> [Provided data]:
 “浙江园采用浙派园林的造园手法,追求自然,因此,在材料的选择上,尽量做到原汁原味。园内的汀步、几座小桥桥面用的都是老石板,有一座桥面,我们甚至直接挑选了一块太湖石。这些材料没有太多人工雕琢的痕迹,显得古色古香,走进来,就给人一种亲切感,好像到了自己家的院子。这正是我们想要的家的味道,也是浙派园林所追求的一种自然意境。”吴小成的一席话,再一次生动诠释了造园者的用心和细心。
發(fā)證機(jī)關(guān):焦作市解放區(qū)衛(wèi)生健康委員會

---

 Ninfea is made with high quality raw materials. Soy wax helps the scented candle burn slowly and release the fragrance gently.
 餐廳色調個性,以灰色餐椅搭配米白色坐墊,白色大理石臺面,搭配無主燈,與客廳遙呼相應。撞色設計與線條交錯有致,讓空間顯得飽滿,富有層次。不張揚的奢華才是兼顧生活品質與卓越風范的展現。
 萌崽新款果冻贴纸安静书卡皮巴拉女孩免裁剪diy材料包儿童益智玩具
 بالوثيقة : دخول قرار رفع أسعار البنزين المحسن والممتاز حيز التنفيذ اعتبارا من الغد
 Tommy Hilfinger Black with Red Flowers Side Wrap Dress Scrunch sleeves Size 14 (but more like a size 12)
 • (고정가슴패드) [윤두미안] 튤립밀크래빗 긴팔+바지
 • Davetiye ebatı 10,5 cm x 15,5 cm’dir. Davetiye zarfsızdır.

> [Task instructions]: For the lines above, output exactly those from the line containing "بالوثيقة : دخول" through the line containing "cm’dir. Davetiye zarfsızdır.", and skip the others.

> [Answer for the task]:
 بالوثيقة : دخول قرار رفع أسعار البنزين المحسن والممتاز حيز التنفيذ اعتبارا من الغد
 Tommy Hilfinger Black with Red Flowers Side Wrap Dress Scrunch sleeves Size 14 (but more like a size 12)
 • (고정가슴패드) [윤두미안] 튤립밀크래빗 긴팔+바지
 • Davetiye ebatı 10,5 cm x 15,5 cm’dir. Davetiye zarfsızdır.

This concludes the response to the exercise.